Push Press Exercise

Builds strength and control by improving stability, coordination, and efficient movement.

Push Press
Push Press
Level: expert
Equipment: barbell
Force: push
Mechanic: compound
Core muscles: shoulders
Secondary muscle: quadriceps, triceps

Description

Push press focuses on controlled movement and maintaining proper body alignment throughout the exercise. The goal is to create tension where needed while avoiding unnecessary strain or momentum. This helps improve movement quality, joint stability, and overall physical control.

Exercise FAQ

How should I program this in a workout?

Use it after your warm-up when you’re fresh. Aim for 2–4 sets and choose a rep range that matches your goal (strength: lower reps; muscle: moderate reps).

Which muscles should feel like they’re doing most of the work?

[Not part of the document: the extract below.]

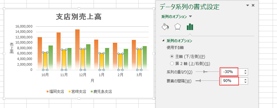 系列の重なりを「-30%」、要素の間隔を「90%」としました。

You should feel the target muscles working while the rest of the body stays braced. If a joint or the lower back is doing the heavy lifting, reduce load and tighten your setup. Think of it as pressing done with repeatable, clean reps.

How can I make this exercise harder without adding a lot of weight?

Slow down the lowering phase, add a brief pause in the hardest position, or increase total reps while keeping form crisp. Think of it as pressing done with repeatable, clean reps.

Disclaimer

This content is for educational purposes only and does not replace professional medical or fitness advice. Consult a qualified healthcare provider before beginning any new exercise routine. Exercise safely and listen to your body.